Quote from ezbentley:
By grunt work, do you mean like IT and operational stuff? I assume those positions are not directly related to trading. So did you learn about the trading aspect by observation and exposure to other traders? Would you recommend that route to someone who wishes to get into institutional trading?
Your thread is very informational. Thanks for sharing your experience.
I did a bit of everything, from exchange connectivity to strategy development, to working out hacks to improve our bottom line. The difference between me and your usual software/hardware guy is that I was in a business group, not in an IT group.

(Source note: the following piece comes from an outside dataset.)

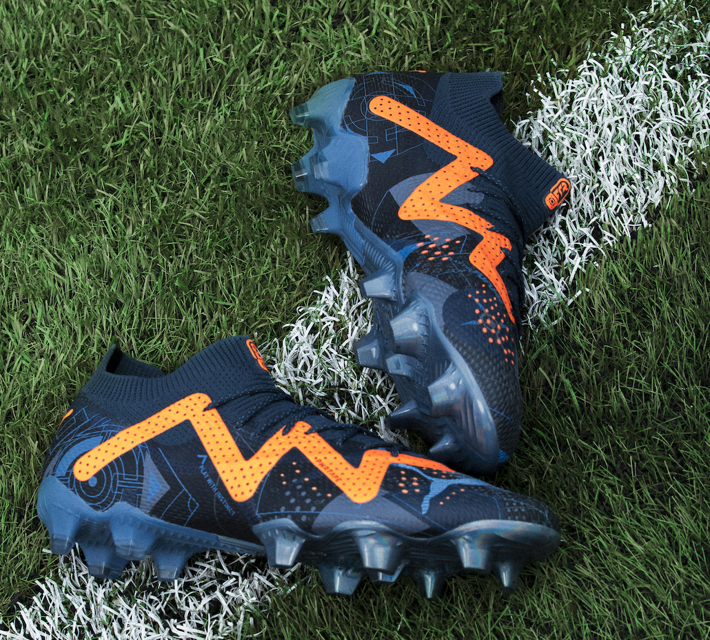 Côté Puma et Neymar, c’est un tout nouveau coloris Future Ultimate FG/AG DNA. La chaussure est officiellement sortie il y a quelques jours et en vente au prix de 260 euros sur le site e-commerce spécialisé Unisport. La paire est limitée à 1 500 exemplaires. Avec une base bleue, deux sortes de vagues oranges viennent entourer les lacets. Quelques détails d’un bleu plus claire, mais aussi orange sont également présent sur l’empeigne pour apporter un côté plus flashy à la paire. La plaque de crampons à l’air différente de la dernière édition, mais là encore aucun détail divulguer par Puma. Enfin, sur le talon, il y a un logo de la marque en orange, histoire de ne pas oublier de quelle marque on parle.
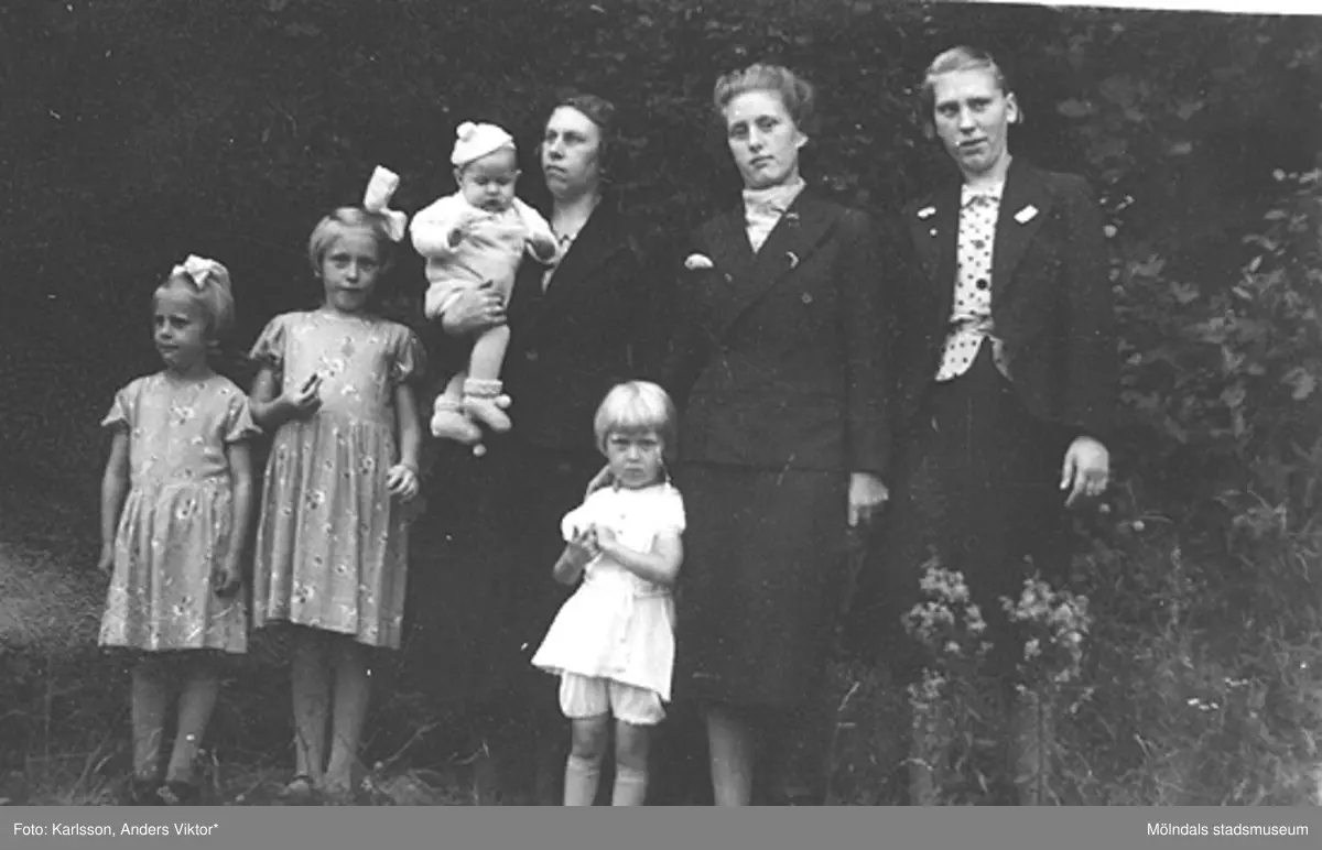 Mor Alma med alla barnen vid Kvarnfallet 31, 1930-tal. Från vänster; Margit Karlsson, Astrid Karlsson, mor Alma Karlsson, Rolf Karlsson, Kerstin Karlsson, Birgit Karlsson, längst fram Ingrid Karlsson. Alla dessa är syskon.

That's the distinction.
To say I gained nothing in terms of knowledge about trading from grunt work in an IB would be a lie. I learned so much about market microstructure that my vision of the markets is a thousand times clearer than it was in 2004, before I started supporting various prop traders.
The underlying point you should be aware of: don't ever take an IT job on Wall St. unless that IT work has you looking and interacting with the PnL and lists of trades. If you don't get to see the PnL, tell them to f off and find some other stooge.

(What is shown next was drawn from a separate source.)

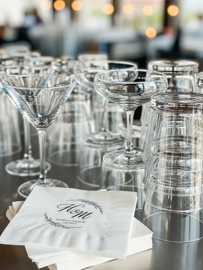 Rows of sparkling glassware are neatly arranged on a sleek bar surface with custom cocktail napkins placed nearby. The clean lines and clear glass create a polished look that feels modern and elegant. Soft background lighting adds a subtle glow that makes everything look extra inviting.
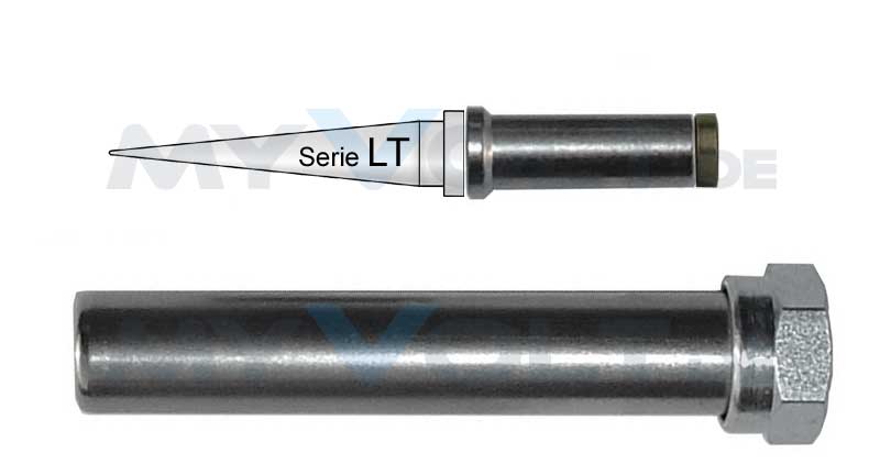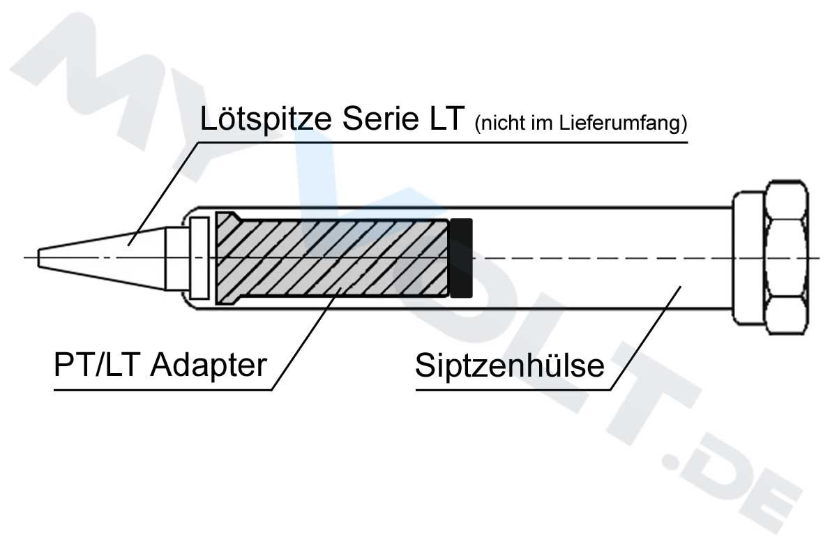 Lötspitzen-Adapter-Set für die Verwendung von LT-Lötspitzen an Stelle von PT-Lötspitzen ( 480°C ). Das Set besteht aus einem Adapter und einer passenden Überwurfhülse mit Mutter.

As far as me going back to retail trading and try it, ... well, part of it is emotional. I kind of sympathize with the kids who come onto this forum thinking they are going to make a million dollars with their $2000 accounts. I know people on ET are douchebags and sometimes they have issues, but, ... I somehow feel for retail traders. I feel bad for the guy who tries his moving average cross-over strategy, or thinks some magical combination of technical indicators will save his finances. I feel bad for the guy who signs up for junk training programs.

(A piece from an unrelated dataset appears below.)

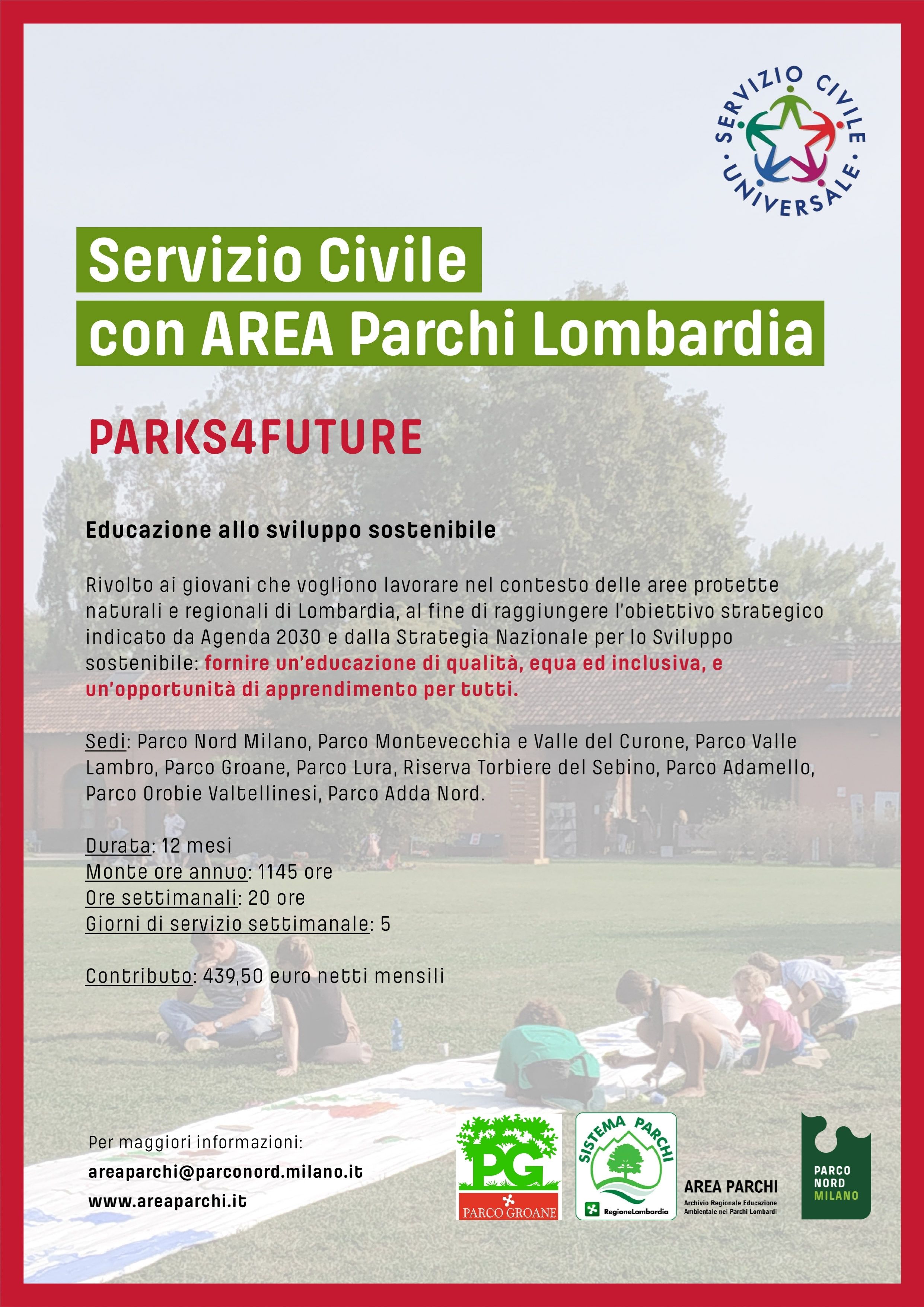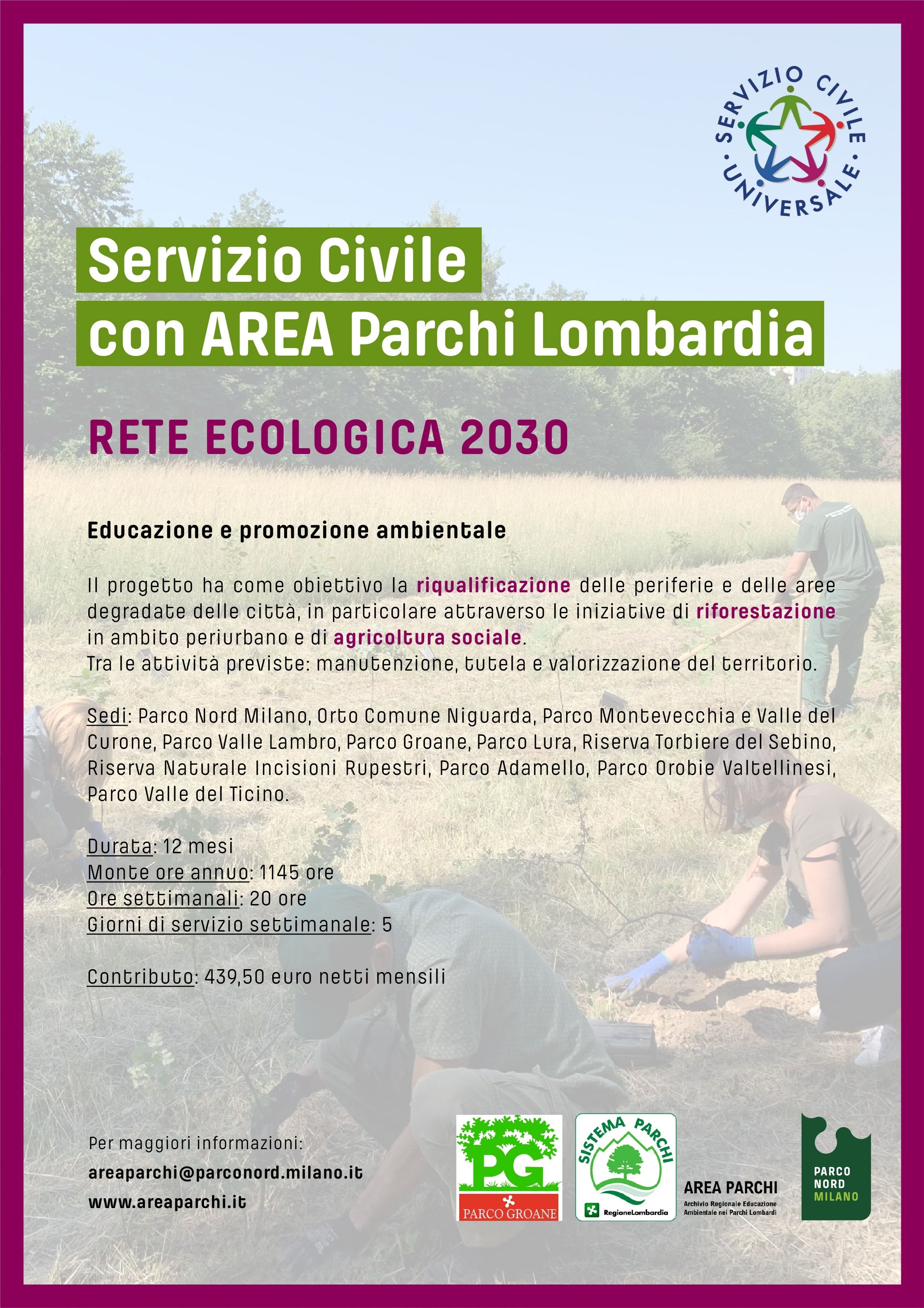 Se hai tra i 18 e i 28 anni partecipa a uno dei due progetti (in tutto sono tre) di Servizio Civile Universale che vedono coinvolti l’Archivio Regionale dell’Educazione Ambientale dei Parchi lombardi (AREA Parchi) e a cui aderisce il Parco delle Groane (2 posti) assieme ad altre 11 aree protette (Parco Adamello, Parco Orobie Valtellinesi, Parco Adda Nord, Parco Montevecchia e Valle del Curone, Parco Nord Milano, Parco Valle Lambro, Parco Valle del Ticino, Parco Lura, Riserva Torbiere del Sebino, Riserva Naturale Incisioni Rupestri Di Ceto, Cimbergo e Paspardo), l’Associazione Orto Comune Niguarda, la Fondazione Cineteca Italiana e l’Associazione Culturale Casa Testori.
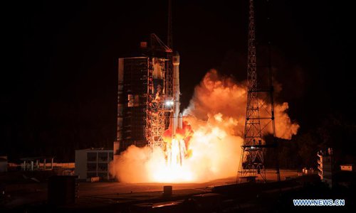 A new communication technology experiment satellite is launched by a Long March-3B carrier rocket at the Xichang Satellite Launch Center in Xichang, southwest China's Sichuan Province, Oct. 17, 2019. The satellite will be mainly used for multi-band and high-speed communication technology experiments. (Photo by Guo Wenbin/Xinhua)

Maybe I have this fascination of the retail trader because the guy who becomes a day trader is taking real risk and dreaming, maybe dreaming much more so than the usual cubicle grunt. It's that dreamer aspect of day traders that I love.
The other guys at the options desk I was in used to ridicule retail traders and call them "Joe Bob in Kansas." People would look at some of the customer flow and just laugh.
I didn't laugh too hard, because I also see myself in retail traders. In my mind, I see a young married guy with no kids telling his wife he's going to make it big, only to fail over and over. Maybe his marriage will survive, maybe it won't, ... and I think about how maybe no one understands why he takes risks. Sometimes I wonder if he (the retail trader) even understands his own risk in the game. The whole dynamic of deciding to bet life on this "game" intrigues me and fascinates me so much, that I just feel that I need to beat the game and make it as a retail trader before I die. As far as getting rich in and of itself, I'm not too worried about that.
In a way, sometimes I see a post here on ET and I want to tell people why they are wrong and how to improve their operations, but I can't. Even in this journal, I can't say too much about where I am looking. I also have a kind of hatred for large institutions, because they're so inhumane. Lay-offs roll around and every stays silent the next day and doesn't mention the name of the laid-off guy. There's also that whole lay-off rumor mill, and the sickness associated with people being glad they weren't the ones who got axed.